А Гавриловна долго еще лежала недвижно, приходя в себя после беседы с «доброжелателем» и терзаясь поднявшимися со дна души прежними подозрениями. Дьявол волосатый, ковырнул присохшую болячку. Как будто она и сама не знает, в чем тут дело. Давно уже догадалась, да скрывала от людей и от себя, чтоб не лишиться последней радости. Вон он играет на полу, шалун сероглазый, возит на веревочке туда–сюда бабкин чирик и не знает несмышленыш, какую бурю поднял в груди у нее своими откровениями проклятый сосед.
— Подойди ко мне, чадуня, — сказала она внуку. Тот подошел, облокотился на перину, вопрошающе уставился на больную бабку. Нет, ничем не напоминает он Кузьму или хотя бы покойного атамана. «Не наших кровей», — екнуло сердце у Гавриловны. «А может, все–таки наших?» — тут же ухватилась за спасительную соломинку. Вон же у Свиридовых испокон веков в роду все мордастые да рыжие, а надысь мальчонка родился черный, как жук, и нос — серпом. Всей родней стали припоминать свою родословную и оказалось, был среди их предков — чеченец аж в четвертом колене.
— Андрейка, ты мой внучок? — положила Гавриловна ладонь на белокурый ком.
— Твой, бабаня, — охотно ответил Андрейка.
— А ты меня дюже любишь?
— Дюжей некуда.
У Гавриловны задрожали на ресницах слезы. Она прижала мальчишечью голову к своим губам, крепко поцеловала в льняную макушку.

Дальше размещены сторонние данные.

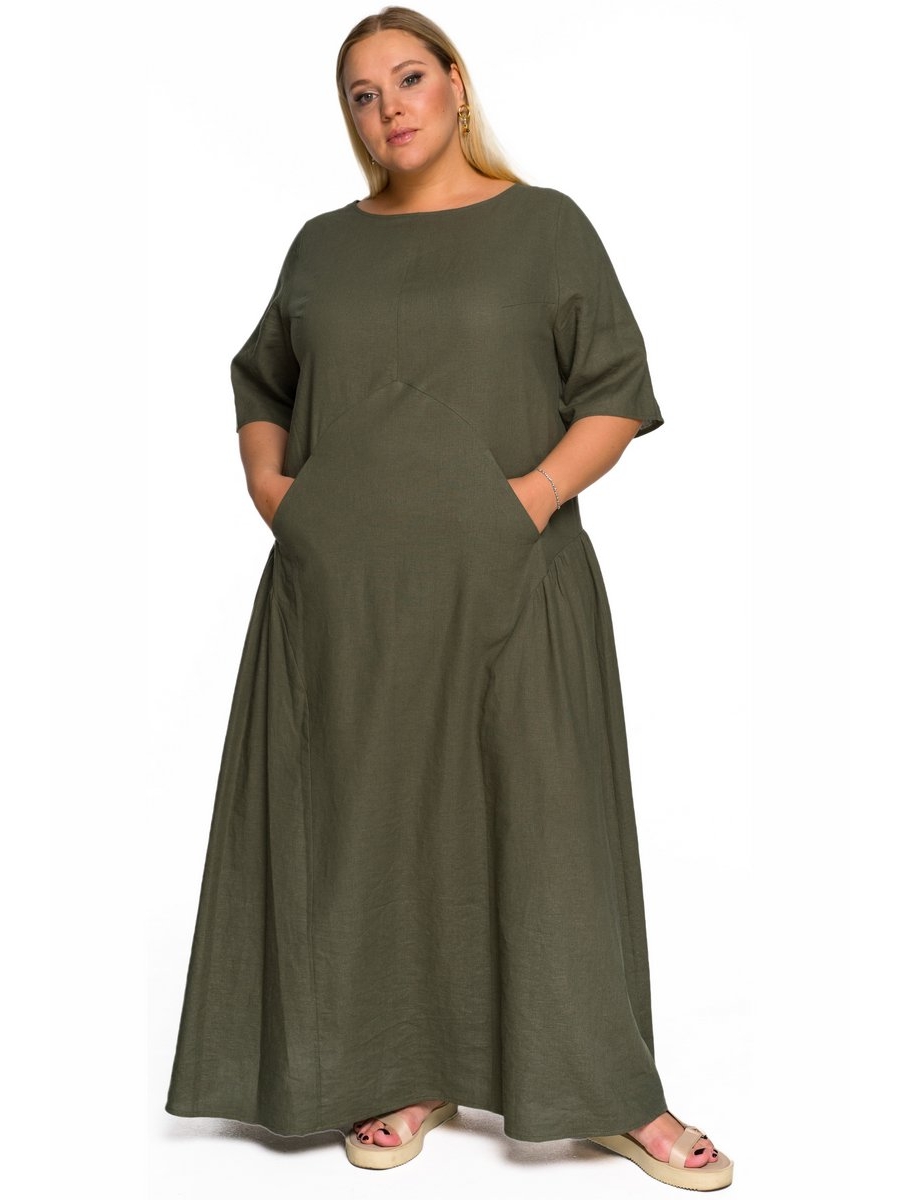 Платье длинное, свободного силуэта, из смесовой ткани, содержащей в составе лен и вискозу. Нижняя часть платья отрезная, присборенная. Линия подреза по переду фигурная, по спинке горизонтальная. В швам подреза обработаны карманы. Рукав втачной, свободный.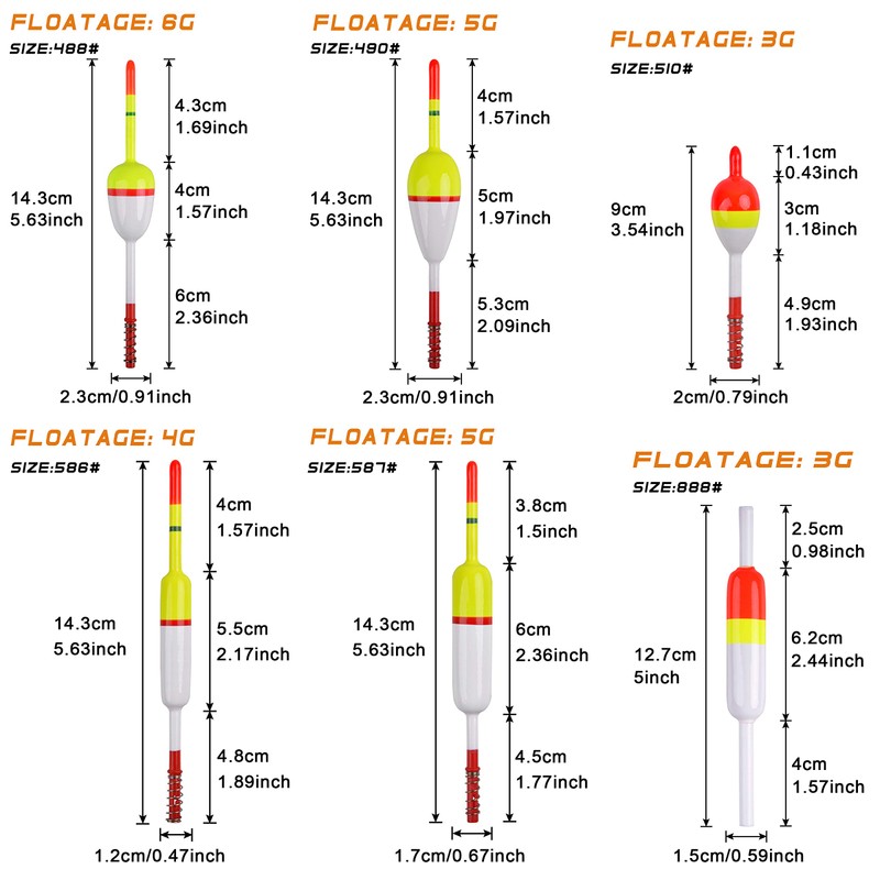 • Bright fishing bobbers have 5 size to choose ,each size 10/20pcs. can satisfy you for a fishing trip

— Ну и то ладно, — вздохнула она облегченно и высморкалась в смятую простыню. — Ить не зря в народе говорится, чей бы бычок не попрыгал, а телятка наша.
В сенцах скрипнула дверь.
— С кем это вы, мамака, гутарите? — вошла в горницу Ольга, на ходу освобождая замотанную платком голову. Свекровь скосила глаза на вошедшую: хороша по–прежнему чертовка — и статна, и подвижна, и лицом привлекательна.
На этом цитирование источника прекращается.